The other day I was watching a debate on TV on the subject 'Should it be compulsory to learn English?' The speaker chosen to oppose the idea was Vladimir Zhirinovskiy – a politician who many people in Europe think is a dangerous extremist. He said that one of the causes of the problems in Russia’s sad history in the 20th century was the use of imported words which people didn’t fully understand. 'Revolution' (or the Russian word 'revolyutsia') was one of these. He also mentioned 'communism' and 'privatisation'. If you use other words like 'revolt', 'rebellion' or 'coup d’état' the idea of changing the government by force seems a lot less attractive. Calling some important change 'a revolution' can make people think it is good, or maybe that it’s something that no one can stop, as the Marxists used to say.

Going forwards

Since the 19th century there has been an idea that certain changes in society must happen. Are you optimistic about the human race? I guess most people still are. I think most people believe in Progress … you know: 'Scientists get closer to the truth. Societies improve. We’ve never had it so good. A Pentium 4 is better than a Pentium 3'.

I think it is dangerous when someone says that all our problems will be solved by new technology, or by choosing a government with a more modern ideology. Revolutions seem to depend on the hope of a beautiful future, maybe that’s why they end in disappointment. Some people are so optimistic that they can forget about reality altogether. They can make logic work backwards … I remember, back in my days as a student political activist, having arguments about Chinese history with the young members of The Socialist Workers’ Party – enthusiasts for revolution. They used to say that there had been no revolution in China. This was because the results had not been the happy ones that they expected.

What’s another word for it?

If you look on the website you can find words with similar meanings to the one you type in. Starting with 'revolution' the visual thesaurus gives:

coup coup d’état insurgency
insurrection mutiny putsch
revolt takeover uprising

Which word to choose?

When you want to choose a word really carefully it’s a good idea to see how other people use it. In my experiment I used the Times newspaper from March 1995, and a 'concordancer', which lets you look at how words are used. You can choose different materials instead of The Times, but I thought a newspaper would have more about politics. It mentions one revolution the socialist workers might agree really happened 'Cuba’s Marxist revolution' but also one change of style by a Marxist government 'China’s cultural revolution,' and two changes of government where the Marxists lost power: 'Czechoslovakia’s velvet revolution' and 'Estonia’s singing revolution'.

However, more often than any of these, 'revolution' is just used to talk about a general change in the way people live or work. The most common of these is the 'industrial revolution' which happened more than 200 years ago in Britain when they started making steam engines and factories. The newspaper thinks these other revolutions might be happening now …
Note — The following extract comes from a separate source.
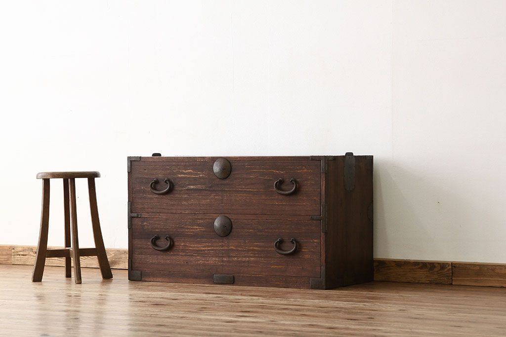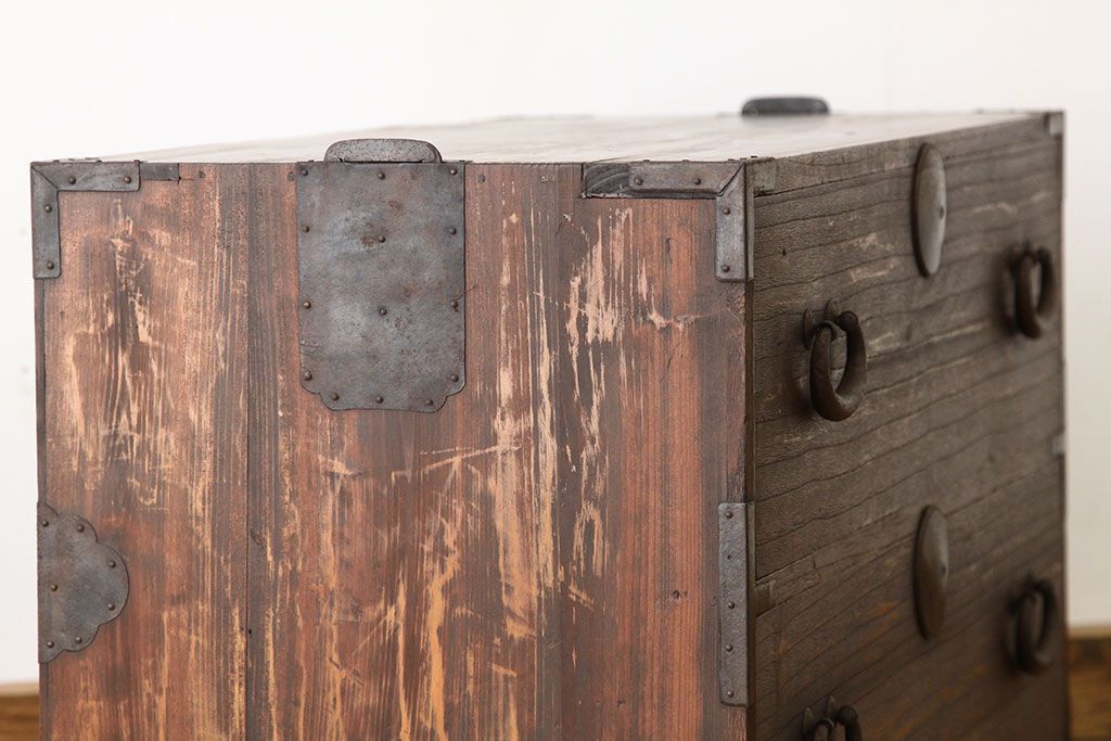 アンティーク家具 アンティーク 古い木の2杯引き出し時代箪笥ローチェスト

Educational revolution, Sexual revolution, Information revolution, Telemarketing revolution,Training revolution,

When something not so big or important happens you can still call it a 'minor revolution'. The Times reports one minor revolution in Edinburgh – people starting to live in some old buildings that had been used as offices for a long time.

Of the other words in my list 'coup' is used most often. This is a short way of saying 'coup d’état' and it usually refers to a revolution organised by people who are already quite close to the top of the government. A revolution organised by people a long way from power might be better called an 'uprising'.

In The Times, 'a revolt' or 'a mutiny' usually happens inside a British political party when ordinary Members of Parliament disagree with the leaders of their party. But the newspaper also mentions a revolt by shareholders who did not agree with the managers of the company they had invested in.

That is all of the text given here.